Unnamed: 0,fixed acidity,volatile acidity,citric acid,residual sugar,chlorides,free sulfur dioxide,total sulfur dioxide,density,pH,sulphates,alcohol,quality,color
0,7.4,0.7,0.0,1.9,0.076,11.0,34.0,0.9978,3.51,0.56,9.4,5,red
1,7.8,0.88,0.0,2.6,0.098,25.0,67.0,0.9968,3.2,0.68,9.8,5,red
2,7.8,0.76,0.04,2.3,0.092,15.0,54.0,0.997,3.26,0.65,9.8,5,red
3,11.2,0.28,0.56,1.9,0.075,17.0,60.0,0.998,3.16,0.58,9.8,6,red
4,7.4,0.7,0.0,1.9,0.076,11.0,34.0,0.9978,3.51,0.56,9.4,5,red


See? Still the same :) Let's keep chugging now. We'll dive into other DataFrame operations now. By the end we'll build a function to score all of these wines for our personal tastes.

Let's get familiar with selecting slices of DataFrames. If you're a SQL wizard, some of this may feel familiar.

In [11]:
#Let's grab just rows that have high sugar content. How high?

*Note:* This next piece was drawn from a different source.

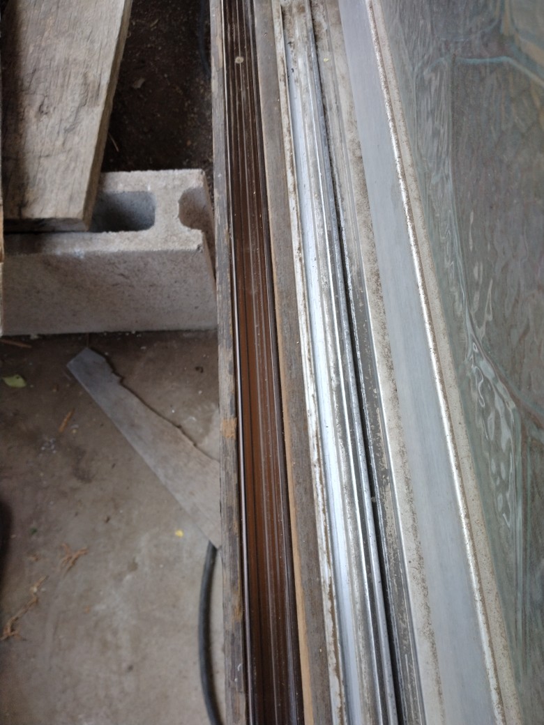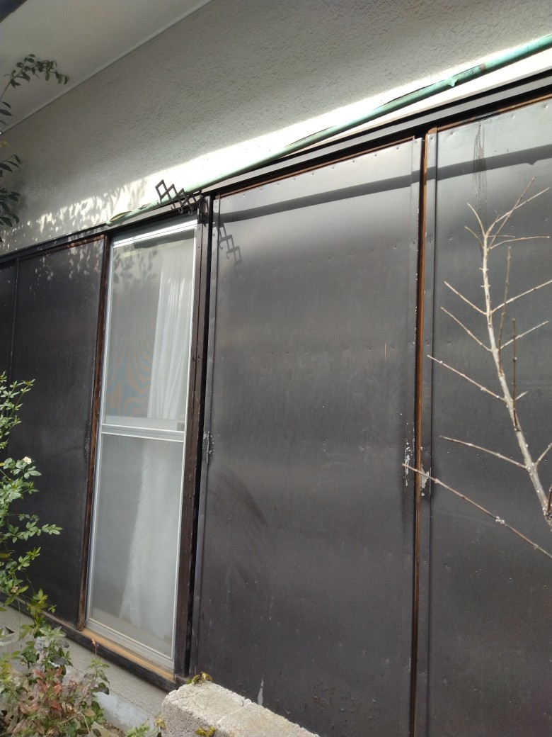 694 T様邸 雨戸交換工事 上原アルミ工業 敷居がすり減って動かなくなってしまった古いトタン雨戸の下枠にアルミレールをとりつけて新しい雨戸を入れ、スムーズに開閉できるようになりました。 新しい雨戸 リフォーム前の古くなった木枠の雨戸のレール 場所 富士見市 工事概要 雨戸交換工事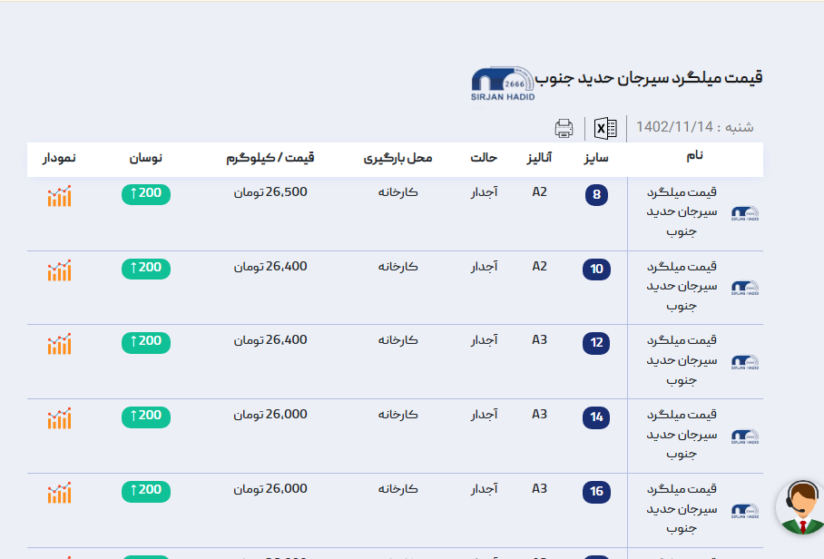 محصول قیمت (با مالیات) شنبه 1402/11/14 ساعت 14:50 میلگرد آجدار 8 A2 ظفر بناب 26,200 میلگرد آجدار 10 A2 ظفر بناب 26,200 میلگرد آجدار 12 A3 ظفر بناب 25,800 میلگرد آجدار 14 A3 ظفر بناب 25,800 میلگرد آجدار 16 A3 ظفر بناب 25,800 میلگرد آجدار 18 A3 ظفر بناب 25,800 میلگرد آجدار 20 A3 ظفر بناب 25,800 میلگرد آجدار 22 A3 ظفر بناب 25,800 میلگرد آجدار 25 A3 ظفر بناب 25,800 میلگرد آجدار 28 A3 ظفر بناب 25,800 میلگرد آجدار 12 A3 ذوب آهن اصفهان 26,600 میلگرد آجدار 14 A3 ذوب آهن اصفهان 25,800 میلگرد آجدار 16 A3 ذوب آهن اصفهان 25,800 میلگرد آجدار 18 A3 ذوب آهن اصفهان 25,200 میلگرد آجدار 20 A3 ذوب آهن اصفهان 25,200 میلگرد آجدار 22 A3 ذوب آهن اصفهان 25,000 میلگرد آجدار 25 A3 ذوب آهن اصفهان 25,400 میلگرد آجدار 28 A3 ذوب آهن اصفهان 25,400 میلگرد آجدار 14 A3 نیشابور بنگاه تهران 25,000 میلگرد آجدار 16 A3 نیشابور بنگاه تهران 25,000 میلگرد آجدار 18 A3 نیشابور بنگاه تهران 25,000 میلگرد آجدار 20 A3 نیشابور بنگاه تهران 25,000 میلگرد آجدار 22 A3 نیشابور بنگاه تهران 25,000 میلگرد آجدار 25 A3 نیشابور بنگاه تهران 25,000 میلگرد آجدار 28 A3 نیشابور بنگاه تهران 25,000 میلگرد آجدار 14 A3 نیشابور کارخانه 24,200 میلگرد آجدار 16 A3 نیشابور کارخانه 24,200 میلگرد آجدار 18 A3 نیشابور کارخانه 24,200 میلگرد آجدار 20 A3 نیشابور کارخانه 24,200 میلگرد آجدار 22 A3 نیشابور کارخانه 24,200 میلگرد آجدار 25 A3 نیشابور کارخانه 24,200 میلگرد آجدار 28 A3 نیشابور کارخانه 24,200 میلگرد آجدار 14 A3 فولاد پارس سیستان 25,800 میلگرد آجدار 16 A3 فولاد پارس سیستان 25,800 میلگرد آجدار 18 A3 فولاد پارس سیستان 25,800 میلگرد آجدار 10 A2 خرمدشت 25,200 میلگرد آجدار 10 A3 خرمدشت 25,200 میلگرد آجدار 12 A2 خرمدشت 25,200 میلگرد آجدار 12 A3 خرمدشت 25,200 📡 راه های ارتباطی در دیجی اهن: ☎️ شماره تماس: شماره چهار رقمی تهران 1849 شهرستانها 02186020094 instagram.com/digi.ahan :اینستاگرام🆔 🌐وبسایت: www.digiahan.com ✅تلگرام: https://t.me/Digiahan1849

Let's say, higher than average. 

#What is the average?

rearranged_data['residual sugar'].mean()

5.4432353393874156

In [12]:
#now create a new df of high sweetness wines
high_sugar_wines = rearranged_data[rearranged_data['residual sugar'] > rearranged_data['residual sugar'].mean()]

#I've got a hunch that this sweetness characteristic is probably highly related to the color of the wine. 

In [13]:
#let's see if there's a big difference in reds vs. whites.

high_sugar_wines.color.value_counts()

white    2383
red        74
Name: color, dtype: int64

Looks like nearly all the really sweet wines, are white. 

Well, turns out I don't like whites at all. So let's revisit the selection we made. Now let's select all the sweet wines, but let's exclude all the white ones.

In [14]:
high_sugar_wines = high_sugar_wines[high_sugar_wines.color !='white']

In [15]:
high_sugar_wines.tail()

Unnamed: 0,color,alcohol,chlorides,citric acid,density,fixed acidity,free sulfur dioxide,pH,quality,residual sugar,sulphates,total sulfur dioxide,volatile acidity
1476,red,8.8,0.205,0.5,1.00242,9.9,48.0,3.16,5,13.8,0.75,82.0,0.5
1478,red,10.2,0.082,0.05,0.99808,7.1,3.0,3.4,3,5.7,0.52,14.0,0.875
1558,red,9.5,0.235,0.33,0.99787,6.9,66.0,3.22,5,6.7,0.56,115.0,0.63
1574,red,10.5,0.074,0.78,0.99677,5.6,23.0,3.39,6,13.9,0.48,92.0,0.31
1589,red,9.2,0.073,0.2,0.9977,6.6,29.0,3.29,5,7.8,0.54,79.0,0.725


Now you can see, we've chopped up the data, and selected just the rows we want.